[What this task involves]
Leave the pictures in the listing below aside and reproduce exactly the lines starting with the one with "Κλασικό σκαμπό κατασκευασμένο" and going on through the one with "Fråga på ett", both ends included.

[Records for the task]
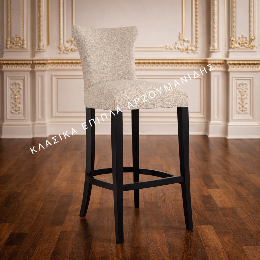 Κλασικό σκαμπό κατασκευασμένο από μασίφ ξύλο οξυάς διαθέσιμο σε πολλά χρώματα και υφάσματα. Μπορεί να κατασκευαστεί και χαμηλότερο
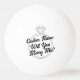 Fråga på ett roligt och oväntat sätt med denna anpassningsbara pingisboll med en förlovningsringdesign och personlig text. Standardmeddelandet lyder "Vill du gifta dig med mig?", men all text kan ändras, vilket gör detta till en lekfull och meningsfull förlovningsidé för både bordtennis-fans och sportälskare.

* * *

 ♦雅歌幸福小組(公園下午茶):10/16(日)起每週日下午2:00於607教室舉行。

[Written answer]
 Κλασικό σκαμπό κατασκευασμένο από μασίφ ξύλο οξυάς διαθέσιμο σε πολλά χρώματα και υφάσματα. Μπορεί να κατασκευαστεί και χαμηλότερο
 Fråga på ett roligt och oväntat sätt med denna anpassningsbara pingisboll med en förlovningsringdesign och personlig text. Standardmeddelandet lyder "Vill du gifta dig med mig?", men all text kan ändras, vilket gör detta till en lekfull och meningsfull förlovningsidé för både bordtennis-fans och sportälskare.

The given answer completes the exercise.